Inside Bybit’s $1.5B Hack: What We Know So Far

The exploit occurred when a hacker manipulated a wallet signature, tricking Bybit’s system into approving a transaction that altered the smart contract logic of its ETH cold wallet. The attack was disguised or “musked” to appear legitimate, showing the correct address and a trusted URL to Bybit’s team. However, this action inadvertently granted full custodial privileges, enabling the transfer of 401.35K ETH, valued at around $1.4B, and associated liquid staking derivatives (e.g., stETH, cmETH, mETH) to the hacker’s wallet.

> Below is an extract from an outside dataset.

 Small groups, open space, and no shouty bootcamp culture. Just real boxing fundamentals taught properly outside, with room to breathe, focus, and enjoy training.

The Impact on the Broader Market and ETH

The hack sparked a sell-off, driven by investor fears of broader market fallout on the day of the breach. ETH tumbled 8%, sliding from approximately $2.85K to $2.61K, while BTC dropped from just shy of $100K to $95K, and SOL briefly fell below $160. Despite the sharp reaction, the downturn proved short-lived, with all three assets rebounding to close the day within 5% of their opening levels. Although prices initially rebounded, the market faced renewed pressure this week due to the unwinding of several leveraged positions, heightened macroeconomic uncertainty following President Trump’s comments on imposing tariffs, and worsening market sentiment. To provide deeper insights, we will release a detailed report later this week analyzing the key drivers behind the current movements.

_{Figure 1: BTC, ETH, SOL Price Performance Throughout February}

^{Source: 21Shares, Glassnode}

Nevertheless, Bybit quickly assured users that all other cold wallets remained secure and that withdrawals were functioning as normal. However, this didn’t stop many users from withdrawing their funds from the exchange as seen below, adding to a total amount of around $6B in withdrawals.

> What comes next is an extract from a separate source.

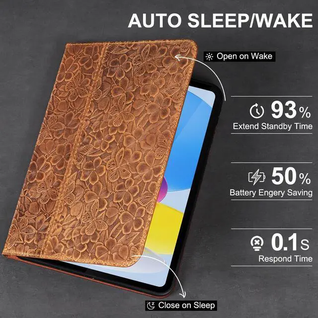 This iPad case is compatible with iPad (A16) 11th Gen. 2025 11 Inch, iPad 10th Gen. 2022 10.9 Inch. Full grain leather is chosen to made this. The surface of Vegetable-Tanned Leather is warm and moist, forming a unique patina with use, color changes with the passage of sunlight, oil and time. It is also functional, auto wake/sleep, adjustable stand, shockproof.

_{Figure 2: Bybit Assets under Management vs. Net Flows in February}

^{Source: 21Shares, DeFiLlama}

Concurrently, over $566M in crypto long and short positions were liquidated across exchanges on the 21st, as investors sought to mitigate risk amidst heightened uncertainty.

‍

_{Figure 3: Crypto Futures Market Liquidations: Longs & Shorts}

^{Source: 21Shares, Coinglass}

Following the initial market volatility, ETH experienced a temporary 3.36% rebound to $2.76K, driven by speculation that Bybit would initiate a large-scale ETH repurchase to address liquidity concerns. As it turned out, they engaged in repurchasing some ETH, while other industry participants supported their efforts by lending them some capital, as we’ll break down later in the report. That said, this upward movement coincided with aggressive accumulation by high-net-worth individuals following the exchange’s public disclosure of the breach, as seen below.

‍

_{Figure 4: ETH Performance vs. Accumulation by Large Holders}

^{Source: 21Shares Glassnode}

Beyond the majors, Ethena’s USDe stablecoin was initially projected to be exposed to the Bybit breach due to $30M in derivative hedging exposure on the exchange, which posed a potential risk to its collateralization framework. However, Ethena’s reserves ($65M as of 24th of February 2025) exceeded this exposure, and its assets—held in off-exchange custody solutions such as Copper’s Clearloop —were insulated from direct losses. Through rapid mitigation, Ethena reduced its exposure to $10M within hours and fully eliminated it by February 22, ensuring USDe remained fully collateralized despite the breach. In fact, Ethena was able to honor the largest un-staking request in its history, worth $250M, without any delays or by causing a severe depeg for the stablecoin, as seen below:

_{Figure 5: Ethena's USDe Price vs. Staking and Unstaking Net Flows}

^{Source: Dune}

All in all, despite the scale of the attack, Figure 7 shows that the stolen funds represent 7.50% of Bybit’s $20B in assets under management. With deep liquidity and diversified holdings across Bitcoin, stablecoins, and other assets, Bybit remains fully solvent and has already addressed the breach, ensuring continued operations without disruption to user funds.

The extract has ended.